**Action item**
Copy word for word the lines in the records below, starting at the line with "SUBCULTURE XIV - ART" and ending at the line with "Der Lynx Shunt". Skip the pictures.

**Records shown**
------------
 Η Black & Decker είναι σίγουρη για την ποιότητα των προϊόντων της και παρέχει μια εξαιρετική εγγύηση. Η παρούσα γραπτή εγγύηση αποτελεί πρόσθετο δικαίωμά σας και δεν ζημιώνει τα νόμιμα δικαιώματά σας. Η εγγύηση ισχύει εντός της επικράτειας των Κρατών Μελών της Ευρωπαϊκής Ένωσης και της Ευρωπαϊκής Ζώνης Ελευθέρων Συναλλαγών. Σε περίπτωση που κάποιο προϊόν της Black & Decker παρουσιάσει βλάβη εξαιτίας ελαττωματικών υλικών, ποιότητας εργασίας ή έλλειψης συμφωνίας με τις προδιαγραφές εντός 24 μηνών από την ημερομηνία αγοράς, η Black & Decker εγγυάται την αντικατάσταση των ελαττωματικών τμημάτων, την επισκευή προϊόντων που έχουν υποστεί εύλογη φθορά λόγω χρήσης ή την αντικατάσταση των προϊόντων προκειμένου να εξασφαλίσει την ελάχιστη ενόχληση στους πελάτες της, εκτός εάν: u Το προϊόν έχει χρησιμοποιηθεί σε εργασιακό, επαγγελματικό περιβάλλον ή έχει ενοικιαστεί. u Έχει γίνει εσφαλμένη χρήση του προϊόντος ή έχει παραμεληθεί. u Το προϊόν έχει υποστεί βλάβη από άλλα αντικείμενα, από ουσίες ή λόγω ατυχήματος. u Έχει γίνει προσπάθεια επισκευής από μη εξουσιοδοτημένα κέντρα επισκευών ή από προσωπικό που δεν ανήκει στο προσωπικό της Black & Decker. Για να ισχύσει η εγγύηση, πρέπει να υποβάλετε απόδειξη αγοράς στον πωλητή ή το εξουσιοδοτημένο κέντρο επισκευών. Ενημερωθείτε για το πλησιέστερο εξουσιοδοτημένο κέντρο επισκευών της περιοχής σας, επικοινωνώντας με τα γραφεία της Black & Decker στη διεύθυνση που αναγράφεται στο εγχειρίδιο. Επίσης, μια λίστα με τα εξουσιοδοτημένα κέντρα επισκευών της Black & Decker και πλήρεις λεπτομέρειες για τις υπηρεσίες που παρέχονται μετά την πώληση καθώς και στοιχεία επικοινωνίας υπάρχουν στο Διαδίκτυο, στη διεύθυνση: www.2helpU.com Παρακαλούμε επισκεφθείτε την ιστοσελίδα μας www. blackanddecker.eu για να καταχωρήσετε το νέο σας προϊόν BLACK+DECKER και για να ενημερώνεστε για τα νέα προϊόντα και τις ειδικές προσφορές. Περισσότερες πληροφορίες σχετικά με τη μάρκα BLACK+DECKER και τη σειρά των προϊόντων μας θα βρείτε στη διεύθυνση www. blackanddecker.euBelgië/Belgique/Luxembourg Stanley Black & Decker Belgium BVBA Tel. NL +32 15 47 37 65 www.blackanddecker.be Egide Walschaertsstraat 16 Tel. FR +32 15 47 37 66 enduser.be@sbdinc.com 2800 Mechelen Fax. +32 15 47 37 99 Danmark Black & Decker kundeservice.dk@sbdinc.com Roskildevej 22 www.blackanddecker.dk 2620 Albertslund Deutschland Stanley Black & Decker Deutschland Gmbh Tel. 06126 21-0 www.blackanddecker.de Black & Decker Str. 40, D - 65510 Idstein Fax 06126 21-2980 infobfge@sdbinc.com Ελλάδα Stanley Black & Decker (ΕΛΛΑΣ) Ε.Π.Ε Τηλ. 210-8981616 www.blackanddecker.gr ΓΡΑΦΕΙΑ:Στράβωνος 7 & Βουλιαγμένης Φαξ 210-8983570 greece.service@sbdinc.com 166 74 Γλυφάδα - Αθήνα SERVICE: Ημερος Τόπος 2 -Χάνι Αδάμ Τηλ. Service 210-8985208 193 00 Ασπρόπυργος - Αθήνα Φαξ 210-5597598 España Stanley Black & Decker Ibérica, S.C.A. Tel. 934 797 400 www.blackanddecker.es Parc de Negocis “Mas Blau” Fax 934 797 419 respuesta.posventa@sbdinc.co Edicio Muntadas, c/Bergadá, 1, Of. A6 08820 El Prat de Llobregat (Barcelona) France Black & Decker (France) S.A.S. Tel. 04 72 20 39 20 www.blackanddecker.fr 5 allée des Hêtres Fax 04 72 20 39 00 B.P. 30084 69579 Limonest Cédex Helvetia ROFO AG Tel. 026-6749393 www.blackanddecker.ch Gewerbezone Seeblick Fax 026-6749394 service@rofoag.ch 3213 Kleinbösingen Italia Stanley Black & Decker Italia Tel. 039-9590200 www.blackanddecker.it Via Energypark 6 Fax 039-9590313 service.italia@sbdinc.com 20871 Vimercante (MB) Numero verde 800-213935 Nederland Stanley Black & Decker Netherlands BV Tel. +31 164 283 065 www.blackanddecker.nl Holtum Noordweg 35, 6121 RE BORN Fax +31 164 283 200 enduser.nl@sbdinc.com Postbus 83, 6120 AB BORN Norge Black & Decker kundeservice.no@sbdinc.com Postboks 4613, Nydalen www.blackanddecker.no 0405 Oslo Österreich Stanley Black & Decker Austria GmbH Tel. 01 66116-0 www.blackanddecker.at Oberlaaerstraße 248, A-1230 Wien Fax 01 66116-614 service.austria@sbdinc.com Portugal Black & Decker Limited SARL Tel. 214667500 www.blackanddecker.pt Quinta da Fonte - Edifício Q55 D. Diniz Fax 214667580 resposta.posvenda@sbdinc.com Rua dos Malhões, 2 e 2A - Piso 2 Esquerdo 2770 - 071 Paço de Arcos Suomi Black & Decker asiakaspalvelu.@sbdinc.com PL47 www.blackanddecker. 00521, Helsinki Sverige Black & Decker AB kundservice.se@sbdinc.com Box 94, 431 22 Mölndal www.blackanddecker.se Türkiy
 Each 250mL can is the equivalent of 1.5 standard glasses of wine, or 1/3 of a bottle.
------------
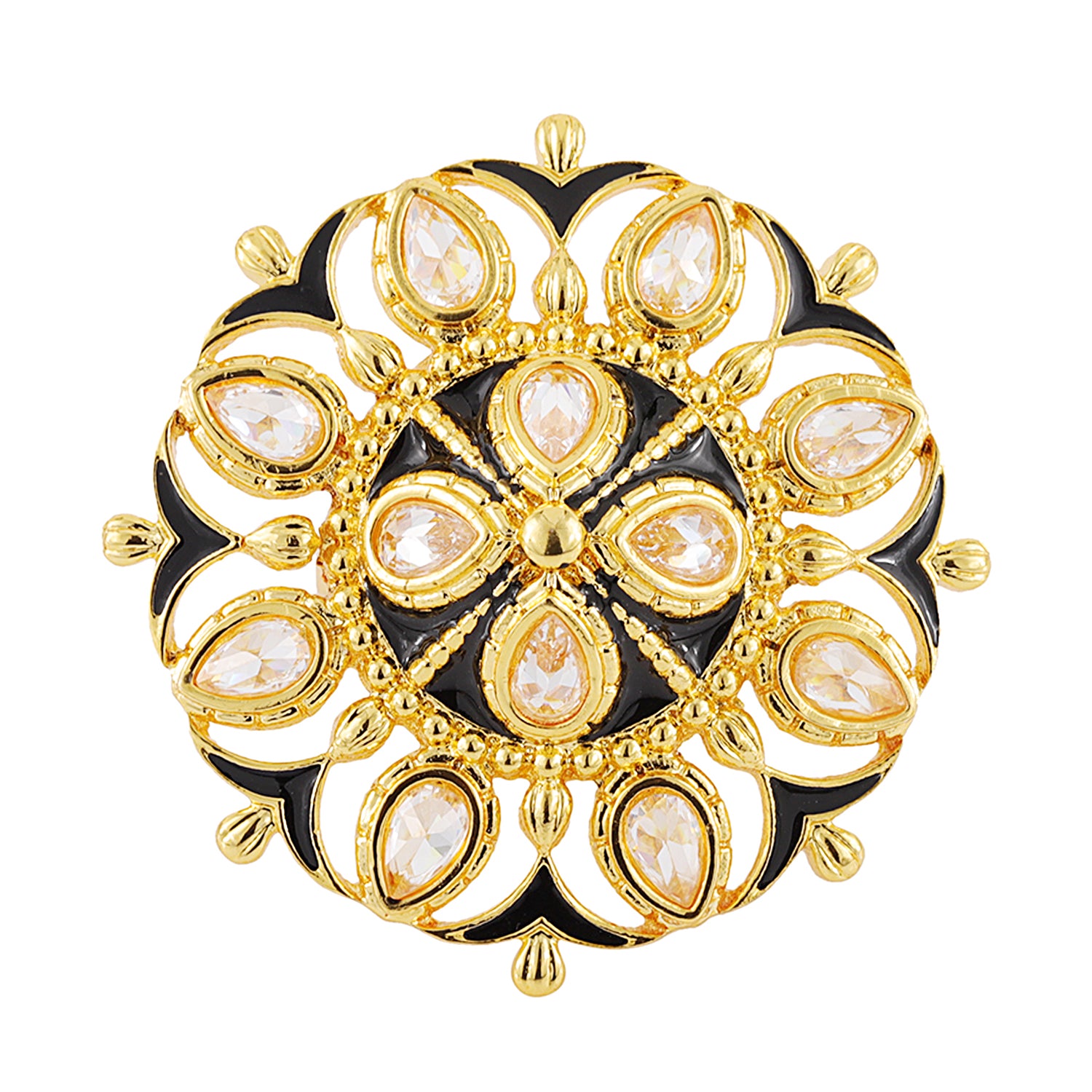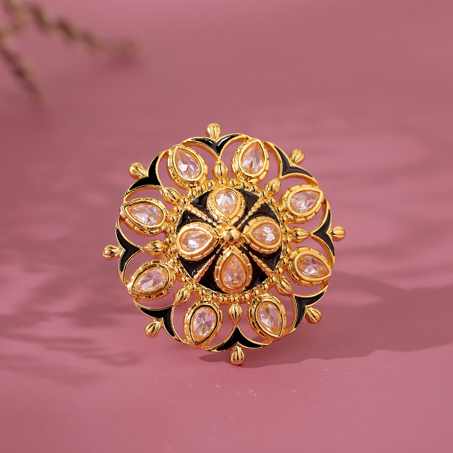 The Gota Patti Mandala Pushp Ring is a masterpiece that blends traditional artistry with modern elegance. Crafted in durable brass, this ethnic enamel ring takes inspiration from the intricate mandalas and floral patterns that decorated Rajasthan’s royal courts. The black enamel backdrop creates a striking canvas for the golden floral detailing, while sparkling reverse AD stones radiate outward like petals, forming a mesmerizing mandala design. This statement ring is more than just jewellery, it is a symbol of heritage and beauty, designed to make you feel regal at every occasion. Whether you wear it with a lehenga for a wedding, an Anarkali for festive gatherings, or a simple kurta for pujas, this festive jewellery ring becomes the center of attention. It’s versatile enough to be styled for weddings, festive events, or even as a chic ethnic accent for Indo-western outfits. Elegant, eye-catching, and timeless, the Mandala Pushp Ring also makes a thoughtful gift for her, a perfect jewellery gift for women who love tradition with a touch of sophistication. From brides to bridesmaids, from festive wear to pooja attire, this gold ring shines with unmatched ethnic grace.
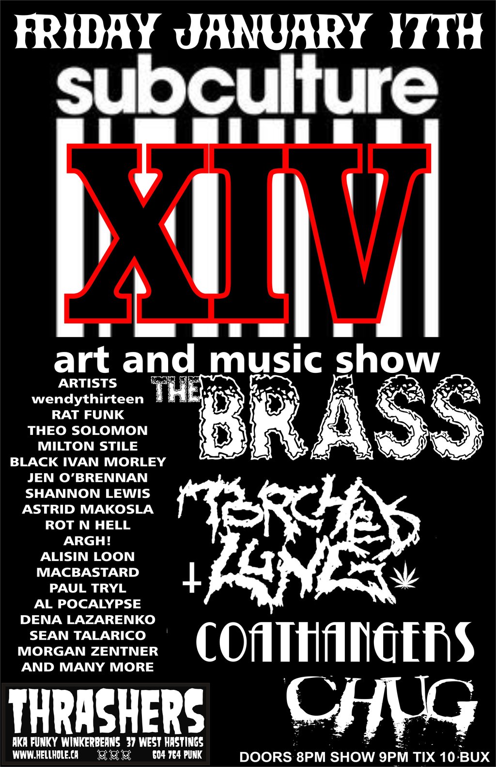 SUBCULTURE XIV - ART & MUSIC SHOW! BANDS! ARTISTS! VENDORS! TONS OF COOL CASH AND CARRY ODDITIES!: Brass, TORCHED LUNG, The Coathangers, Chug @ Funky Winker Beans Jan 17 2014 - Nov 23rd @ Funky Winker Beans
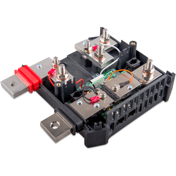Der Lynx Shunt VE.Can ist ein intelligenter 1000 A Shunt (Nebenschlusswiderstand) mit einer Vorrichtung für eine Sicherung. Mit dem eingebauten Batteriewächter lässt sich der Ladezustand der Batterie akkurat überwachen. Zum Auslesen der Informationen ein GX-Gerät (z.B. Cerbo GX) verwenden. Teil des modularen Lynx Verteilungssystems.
------------
**Result for this exercise**
 SUBCULTURE XIV - ART & MUSIC SHOW! BANDS! ARTISTS! VENDORS! TONS OF COOL CASH AND CARRY ODDITIES!: Brass, TORCHED LUNG, The Coathangers, Chug @ Funky Winker Beans Jan 17 2014 - Nov 23rd @ Funky Winker Beans
Der Lynx Shunt VE.Can ist ein intelligenter 1000 A Shunt (Nebenschlusswiderstand) mit einer Vorrichtung für eine Sicherung. Mit dem eingebauten Batteriewächter lässt sich der Ladezustand der Batterie akkurat überwachen. Zum Auslesen der Informationen ein GX-Gerät (z.B. Cerbo GX) verwenden. Teil des modularen Lynx Verteilungssystems.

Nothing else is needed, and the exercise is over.